Беглецы смотрели ему вслед, пока не потеряли из виду, а затем, осторожно выбравшись из-под моста, отправились к запомнившемуся причалу — чем быстрее удастся переправиться, тем лучше. Лодка оказалась на месте, людей, приплывших в ней, нигде не было видно. Финну показалось, что к беднякам те не относились и могли спокойно пережить исчезновение маленькой лодочки — ведь ничего другого не оставалось, кроме как позаимствовать ее. Бомонт прошагал по причалу и отвязал суденышко так, словно оно — его собственность. Потом в лодке расселись все остальные, и через минуту после отбытия река и прилив понесли их вдаль. Бомонт греб сильно и ровно, благодаря чему лодка двигалась к противоположному берегу, огибая разнообразные баржи и мелкие суда, а не бог весть куда; Финн и мисс Бракен наблюдали за тем, как вода, просачиваясь сквозь щели в днище, медленно заполняет суденышко.
* * *
Табби шагнул в сторону, пропуская беглецов, и остановился спиной к кустарнику, держа трость обеими руками. Когда первый из преследователей оказался рядом, Фробишер-младший врезал набалдашником ему в лицо — жестоким прямым ударом, пришедшимся прямо в переносицу. Голова мужчины дернулась, и он повалился на руки напарника, выпучившего глаза от удивления. Табби занес трость над головой, умудрившись заодно смахнуть собственный цилиндр, и, вложив в удар весь немалый вес, послал окованный медью наконечник прямо в лоб замешкавшемуся второму. Оба потенциальных противника рухнули на землю.

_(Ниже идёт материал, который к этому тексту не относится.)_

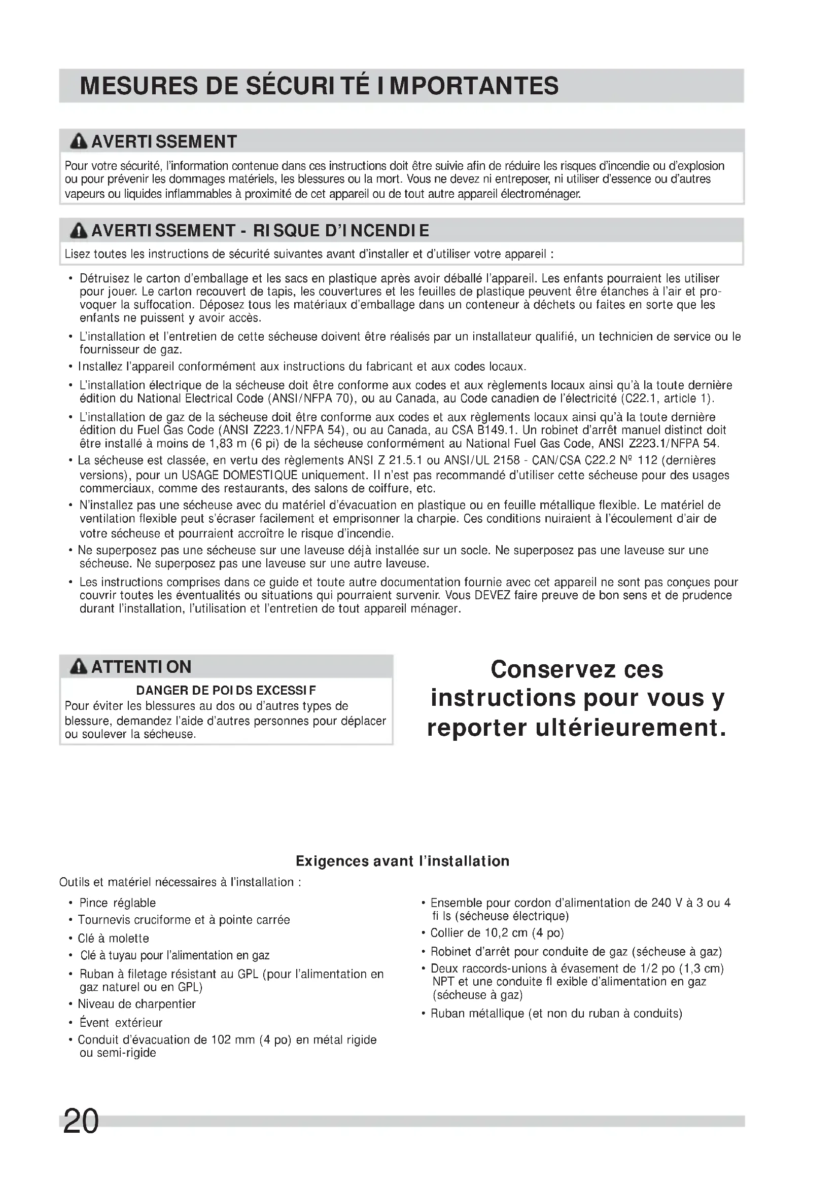 L'installation de gaz de la sécheuse doit être conforme aux codes et aux règlements locaux ainsi qu'à la toute dernière édition du Fuel Gas Code (ANSI Z223.1/NFPA 54), ou au Canada, au CSA B149.1.

В этот момент Табби понял, что человек со сломанным носом, скорее всего, мертв, да и носа у него больше нет — просто кровавая жижа посередине лица. Видимо, пора ретироваться. Однако второй нападавший попытался выползти из-под своего напарника, и Табби не оставалось ничего, кроме как хватить его еще раз, уже по плечу. В этот самый момент красная дверь снова распахнулась, и в переулок выскочил еще один человек, в фартуке и с погнутой железной кочергой. Не сбавляя темпа, новый боец на бегу увидел, что к чему, и с силой метнул кочергу в Табби, который попытался убрать голову и подставить руку, но не слишком преуспел: железо глубоко рассекло кожу за левым ухом, хотя болевых ощущений не возникло. Теперь противник был безоружен, и Табби зарычал на него, замахиваясь тростью от плеча — в переулке как раз хватало места для кругового удара. Тип в фартуке мигом развернулся и метнулся назад, в открытую дверь, а Табби ринулся следом за ним.
На пороге Фробишер-младший остановился и прокричал:
— Скажи своему хозяину, что Табби Фробишер пришел за ним!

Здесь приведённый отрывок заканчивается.